Let $\displaystyle I_3=\int_1^3 \frac{1}{1+x^2}\,\mathrm{d}x$. Let $\displaystyle I_4=\int_1^3 \frac{x^2}{1+x^2}\,\mathrm{d}x$. Without calculating either integral, write down a relationship between $I_3$ and $I_4$.
Calculate $\displaystyle \int_1^3 \frac{x^4}{1+x^2}\,\mathrm{d}x$ in terms of $I_3$ and/or $I_4$ from the previous question.

MAT questions

MAT 2017 Q1A

Let $$f(x) = 2x^3 - kx^2 + 2x - k.$$

For what values of the real number $k$ does the graph $y=f(x)$ have two distinct real stationary points?
(a) $-2\sqrt{3}<k<2\sqrt{3}$
(b) $k < -2\sqrt{3}$ or $2\sqrt{3}<k$
(c) $k < -\sqrt{21}-3$ or $\sqrt{21}-3 < k$
(d) $-\sqrt{21}-3 <k< \sqrt{21}-3$
(e) all values of $k$.

Hints

"Stationary points" makes me think of differentiation. What's the derivative of $f(x)$? What's that got to do with stationary points?
In general, it's hard to decide how many real roots a polynomial has. For polynomials with low degree though, you have some experience!

MAT 2018 Q1A

The area of the region bounded by the curve $y=\sqrt{x},$ the line $y=x-2$ and the $x$-axis equals

(a) $2$,

(b) $\displaystyle \frac{5}{2}$,

(d) $\displaystyle \frac{10}{3}$,

(e) $\displaystyle \frac{16}{3}$.

Hints

First, draw a sketch of the curve and the line and the $x$-axis, including any points of intersection.
Sometimes it's helpful to break up an area into smaller sections and tackle each section separately.
We could integrate $\sqrt{x}$ from 0 to 4 to find an area. Which area would that be?

MAT 2018 Q1G

The parabolas with equations $y=x^{2}+c$ and $y^{2}=x$ touch (that is, meet tangentially) at a single point. It follows that $c$ equals

(a) $\displaystyle\frac{1}{2\sqrt{3}}$,
(b) $\displaystyle\frac{3}{4\sqrt[3]{4}}$,
(c) $\displaystyle-\frac{1}{2}$,
(d) $\displaystyle\sqrt{5}-\sqrt{3}$,
(e) $\displaystyle\sqrt{\frac{2}{3}}$.

Hints

We have two separate unknowns; we don't know the value of $c$, and we don't know the value of $x$ at the point where the parabolas touch.
Note that if $y^2=x$ then $y=\pm \sqrt{x}$. Which part of the curve do we want?
If the curves meet tangentially, then they have the same tangent at that point, so they have the same derivative at that point.
You might get two equations to solve, one which involves $c$ and one which doesn't. Substituting one equation into the other might be the way to go.

MAT 2009 Q3

For a positive whole number $n$, the function $f_{n}\left(x\right) $ is defined by
\begin{equation*}
f_{n}\left( x\right) =\left( x^{2n-1}-1\right) ^{2}.
\end{equation*}

(i) Sketch the graph of $y=f_{2}\left( x\right) $ labelling where the graph meets the axes.

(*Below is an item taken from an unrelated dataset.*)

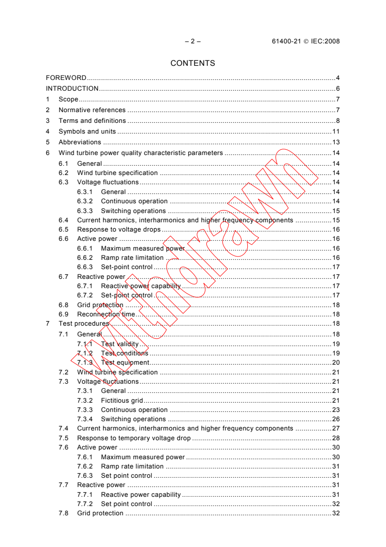 IEC 61400-21:2008 covers the definition and specification of the quantities to be determined for characterizing the power quality of a grid connected wind turbine; measurement procedures for quantifying the characteristics; and procedures for assessing compliance with power quality requirements, including estimation of the power quality expected from the wind turbine type. The main changes with respect to the previous edition deal with interharmonics and current distortions (
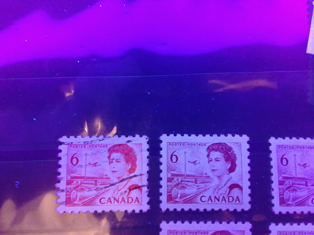 The picture below shows the first of the shades, which is the fluorescent orange ink, as listed in Unitrade. In normal light, the colour is red-orange that is neither bright, nor dull. Here is the colour under UV light when compared to a stamp with normal, non-fluorescent ink:

(ii) On the same axes sketch the graph of $y=f_{n}\left( x\right) $ where $n$ is a large positive integer.

(iii) Determine \begin{equation*}
\int_{0}^{1}f_{n}\left( x\right) \,\mathrm{d}x.
\end{equation*}

(iv) The positive constants $A$ and $B$ are such that
\begin{equation*}
\int_{0}^{1}f_{n}\left( x\right) \,\mathrm{d}x\leqslant 1-\frac{A}{n+B}\quad\text{for all }n\geqslant 1.
\end{equation*}

Show that
\begin{equation*}
\left( 3n-1\right) \left( n+B\right) \geqslant A\left( 4n-1\right) n,
\end{equation*}
and explain why $A\leqslant 3/4.$

(v) When $A=3/4$, what is the smallest possible value of $B$?

Hints

(i) We have $f_2(x)=(x^3-1)^2$. Where are the intercepts? What happens when $x$ is very large?

(ii) First, think about $x^{2n-1}$ for large $n$, in different cases depending on whether $x$ is large, small, positive, negative, zero.

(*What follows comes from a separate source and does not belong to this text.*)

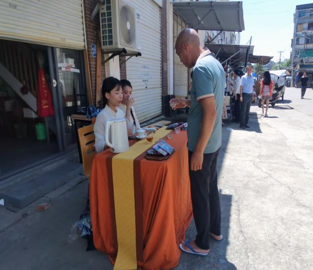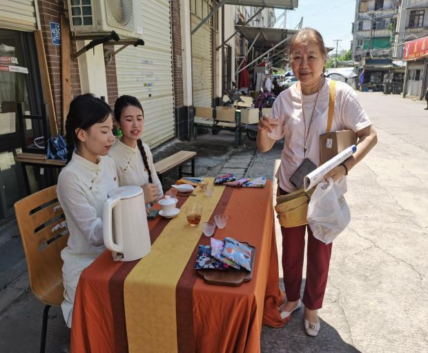 二、禮言相融·志愿同行 實(shí)踐隊(duì)獨(dú)辟蹊徑,將普通話推廣與福州特色茶禮深度融合。在莊南社區(qū),隊(duì)員們化身“文化使者”,將“斟茶七分滿”“叩指謝茶”等方言茶禮術(shù)語(yǔ)轉(zhuǎn)化為標(biāo)準(zhǔn)普通話表達(dá),架起文化活態(tài)傳承的語(yǔ)言橋梁。此外,實(shí)踐隊(duì)員深入村居,理論宣講、防詐宣傳、民情調(diào)研的交談細(xì)致入微。在志愿服務(wù)中,青年學(xué)子們真切感知村民需求,將“奉獻(xiàn)、友愛、互助、進(jìn)步”的志愿精神化作提升村民幸福感、獲得感的務(wù)實(shí)之舉。

(iii) Just like we did for the other MAT question, it's probably best to multiply out the square here and integrate term-by-term.

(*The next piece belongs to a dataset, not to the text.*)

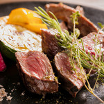 メイン料理も、グランドメニューから選ぶことができる。岩中豚や佐賀牛などのブランド肉をはじめ、仔羊や鴨肉(ブルターニュ産)、馬肉(青森産霜降り馬肉)といった比較的なじみのある食材に加えて、蝦夷鹿や猪といったジビエも揃えている。ジビエは、北海道や愛媛など信頼のおける猟師から仕入れた国内産を、天然の溶岩石でじっくりとグリルした逸品だ。
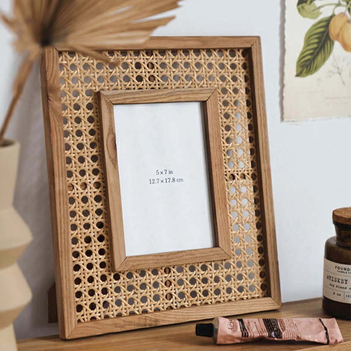 ラタン フォトスタンド インテリア ラタンフレーム フォトフレーム 写真立て 壁飾り 壁掛け かごめ編み ナチュラル 北欧

(iv) You've got an expression for the left-hand side. This is supposed to be true for all $n$. To get your head around that, imagine plugging in different values of $n$, including some when $n$ is small / large.

(v) Plug in $A=3/4$ and expand both sides of the inequality. Rearrange to get everything on one side. Could this inequality really be true for all positive whole numbers $n$? How?

Extension

[Just for fun, not part of the MAT question]

What happens if, instead of being a positive whole number, $n=\frac{1}{2}$?
The expression that you've found for $\int_0^1 f(x)\,\mathrm{d}x$ holds for any real number $n$, provided that $n>n_{\text{max}}$ where $c$ is some real number. Find the largest real value of $n$ for which your expression does not hold, and explain why it doesn't hold for any smaller value of $n$.
Sketch $$y=1-\frac{3x-1}{x(4x-1)}\quad \text{for}\quad x>n_{\text{max}}$$

MAT 2015 Q3 (modified)

We define $|x|$ to be equal to $x$ if $x \geqslant 0$ and to $-x$ if $x<0$.

We say that a function $f$ is a good approximation to a function $g$ if $$|f(x) - g(x)| \leqslant \frac{1}{100} \qquad \text{whenever} \qquad 0 \leqslant x \leqslant \frac{1}{2}.$$

We say that a function $f$ is an excellent approximation to a function $g$ if $$|f(x) - g(x)| \leqslant \frac{1}{320} \qquad \text{whenever} \qquad 0 \leqslant x \leqslant \frac{1}{2}.$$

(i) Give an example of two functions $f$ and $g$ such that $f$ is a good approximation to $g$ but $f$ is not an excellent approximation to $g$.

(ii)Show that if $$f(x) = x \qquad \text{and} \qquad g(x) = x + \frac{\sin(4x^2)}{400}$$ then $f$ is an excellent approximation to $g$.

For the remainder of the question, let $\displaystyle f(x) = 1 + x + \frac{x^2}{2} + \frac{x^3}{6}. $

(iii) Show that if $$g(x) = 1 + \int^x_0 f(t)\,\textrm{d}t,$$ then $f$ is an excellent approximation to $g$.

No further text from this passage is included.